Described distributed monitoring management system, preferably:
Performance monitoring module includes collection module and convergence module;
Collection module is used for the monitoring data for reading monitored node, and gives the monitoring data transmission being collected into convergence mould Block;
Convergence module collection monitoring data and collect storage arrive data memory module.
Described distributed monitoring management system, preferably:
Fault alarm module, the data in scan data memory module, determines the rank and species of warning information, sends short Letter or mail alarm;Or monitor node or the alert data of monitored node transmission are received, the alert data of the reception is deposited Data memory module is stored up, and according to the rank and species of alert data, sends short message or mail alarm.
Described distributed monitoring management system, preferably:Overview display module carries out one or a combination set of following exhibition Show:
(1) alarm today project statistics:Current cluster malfunction is shown with the formal intuition of block diagram, how many event Hinder server, failed services and faulty components;
(2) cluster server state:Cluster server is divided into three kinds of states:Normally, failure and high load capacity;
(3) alarm list is not solved:All unsolved alarms;
(4) resource that can change granularity uses timing diagram:Including cpu busy percentage, memory usage.
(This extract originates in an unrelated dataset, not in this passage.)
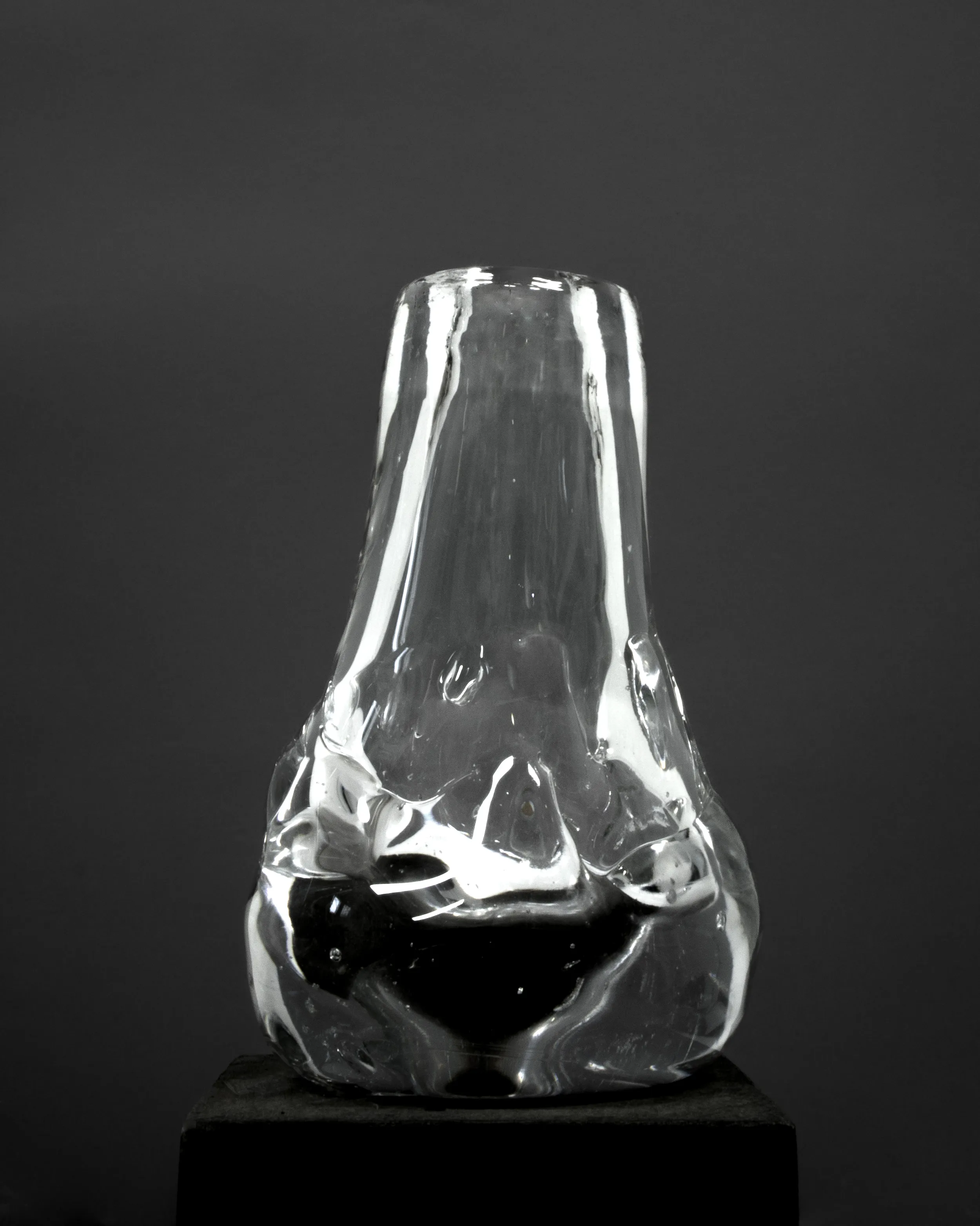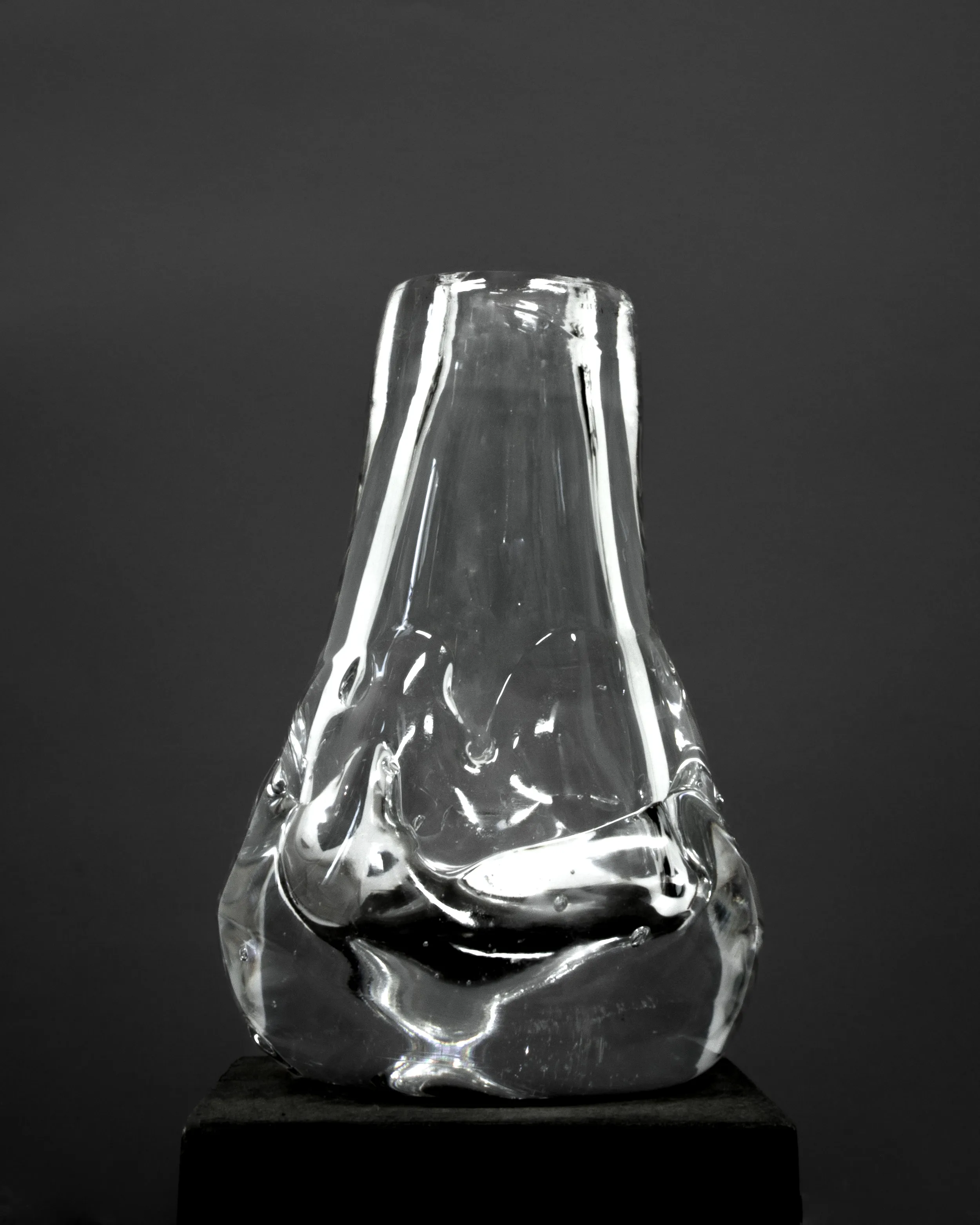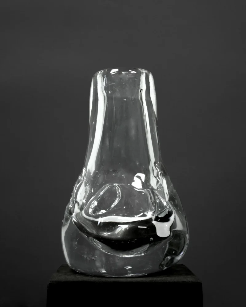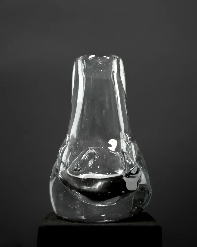 The Drop Shaped Vase is a distinctive creation by Aleksandra Zawistowska and her team of adept craftsmen. The vase is a product of an experimental and innovative approach to glass crafting. The team employs natural materials such as stones and ceramics in the blowing process, resulting in a rough, organic shape that captures the essence of natural beauty. This technique gives the vase its distinctive texture and form, distinguishing it from conventional glassware.

Described distributed monitoring management system, preferably:Data memory module includes RRD or Mysql, and monitoring data is deposited In RRD, alert data is stored in Mysql for storage.
A kind of distributed monitoring management method for distributed cluster system, comprise the following steps:
Monitored node in the monitoring distributed group system of step 1., by supervising data storage to data memory module;
Step 2. carries out fault alarm according to the monitoring data of storage, or receives monitor node and monitored node transmission Alert data, by the alert data of the reception carry out storage to data memory module and according to the information carry out fault alarm;
Step 3. reads monitoring data or alert data in data memory module, carries out calculating analysis, preserves after calculating Analysis result;
Step 4. shows the analysis result of comprehensive analysis enquiry module;
Step 5. carries out user management and rights management;
Step 6. carries out unified configuration to distributed cluster system.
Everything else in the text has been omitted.